You will not see a set definition for what establishes a misdemeanor crime versus a felony charge, but generally speaking felonies would require more time in jail than misdemeanors and fines may also be higher for felonies. Traffic violations usually result in points against your driver’s license as well

how are cases managed in the municipal court in Great Falls?

Municipal courts are the first tier of the court system in the United States. They have jurisdiction over minor crimes, traffic tickets, and other civil matters. Municipal courts are popularly known city courts or town courts. Cases are handled by a magistrate who is usually an attorney, judge, or retired judge. Magistrates may be appointed by the mayor or city council members to assist for a specific period of time.

Magistrates administer hearings to determine:

  • Probable cause for arrest
  • Set bail amounts and the conditions of release
  • Conduct arraignment hearings when charges are filed against individuals by police officers
  • Issue search warrants to police officers in order to protect evidence from crime scenes
  • Conduct preliminary examinations to establish if there is enough evidence to issue a charge

The usual process of a Municipal Court Case

The common path of a municipal courthouse case can be complicated. The following material is an overview of the common items involved in a regular municipal court case.

Step One: An Issuance of Summons

A court summons is given when someone has been charged with violating a city rule or state law. The individual who has received the court summons will need to be present at their assigned time and place, which is usually the municipal courtroom, to respond for the charge(s) against them. If they never appear, they may be found guilty in absentia and could be fined up to $1000 or sentenced to jail time if it’s a serious enough offense.

Step Two: Appearance before Judge or Magistrate

If someone fails to respond after being summoned by the judge, there may be a warrant issued for the individual. 

Municipal Court Penalties in Great Falls, SC

Penalties change often, which is why it’s good to speak with licensed lawyer. The material below represents common penalties, but may not be 100% accurate for the Great Falls Municipal Court. 

A violation is a crime that carries a penalty of $500 or below, while a misdemeanor charge can possess penalties up to $1,000.00 or one year in jail. A person’s driving privileges may be suspended for six months if they receive three speeding tickets within 12 months.

The penalties for different crimes in municipal courthouses vary depending on the severity of an offenses. For example, if you are caught with marijuana without having a license for it then you could be fined up to $2,000 or spend up to six months in jail.

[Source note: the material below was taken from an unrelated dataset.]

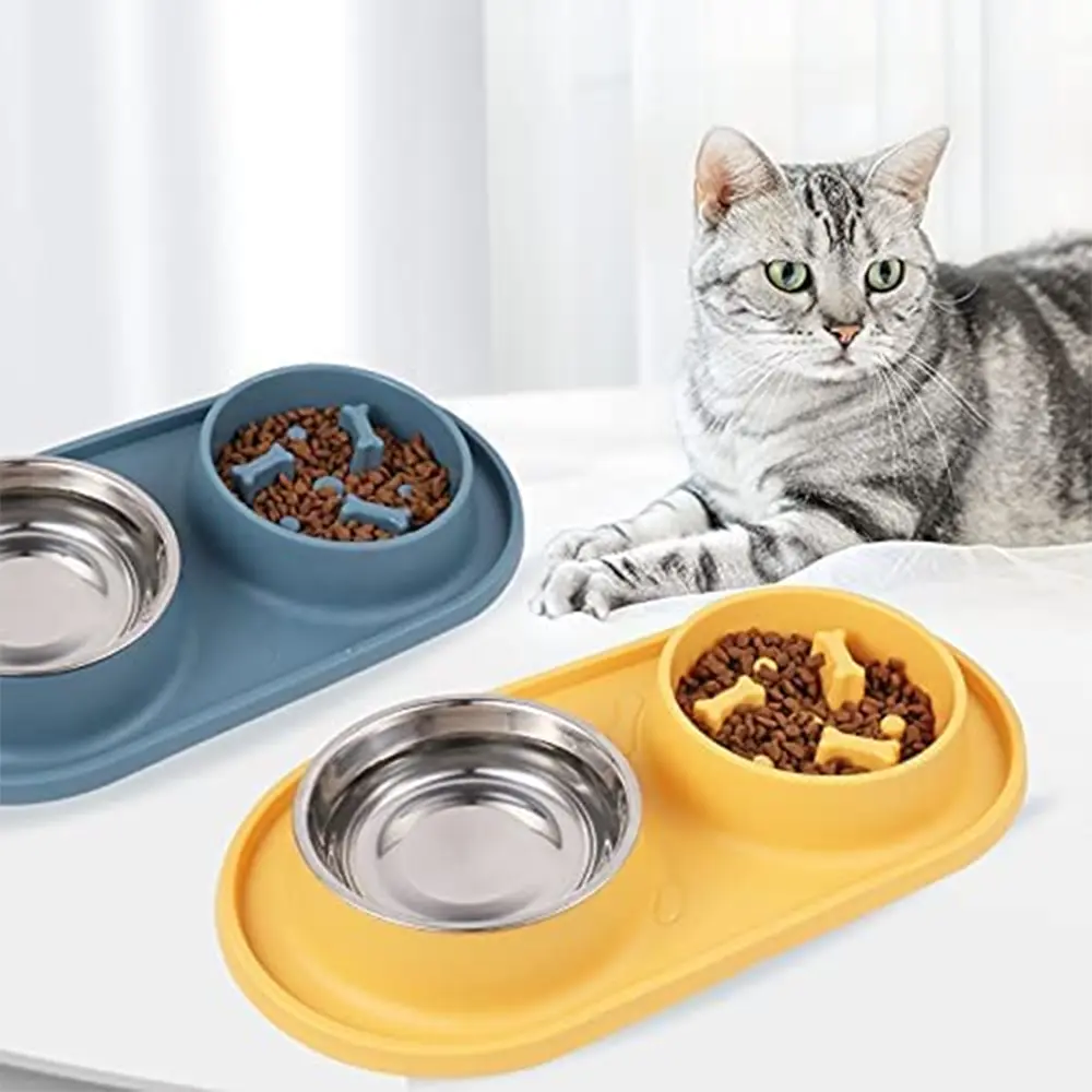 features a non-slip base to keep the bowls securely in place during mealtime, reducing spills and mess.

Great Falls Municipal Court Records

Municipal Court records from a municipal government may be difficult to find because they are not always stored in one place or system. The records that a person might need to depend on the type of matter they have before the court, what stage it is at in the process, and what type of information is needed by law to be present.

Questions ABOUT the Great Falls Municipal Court

What is municipal court in Great Falls, South Carolina?

In South Carolina, the municipal court is a lower court with civil and criminal matters within a city or municipality. Municipal courts thus have a small location and have limited authority as well, dealing only with petty offenses and misdemeanor crimes.

What does the municipal court handle in Great Falls, South Carolina?

Depending on the scope of the municipality, a municipal court can handle a civil division (cases with less than  $15,000 at issue), a traffic/criminal division, or a housing and environmental division. More serious cases/crimes are deal with by higher authorities.

How many judges does the Great Falls Municipal Court have?

The number of judges depends on the municipality’s population.

How are cases heard in municipal courts in South Carolina?

A municipal courthouse judge may be either elected or appointed to serve for a set term of years or until they retire. Judges are sometimes chosen by the people with each precinct’s results judged according to population. Municipal magistrates are often not attorneys but have some legal training and must finish several hours of continuing material every period to maintain their credentials.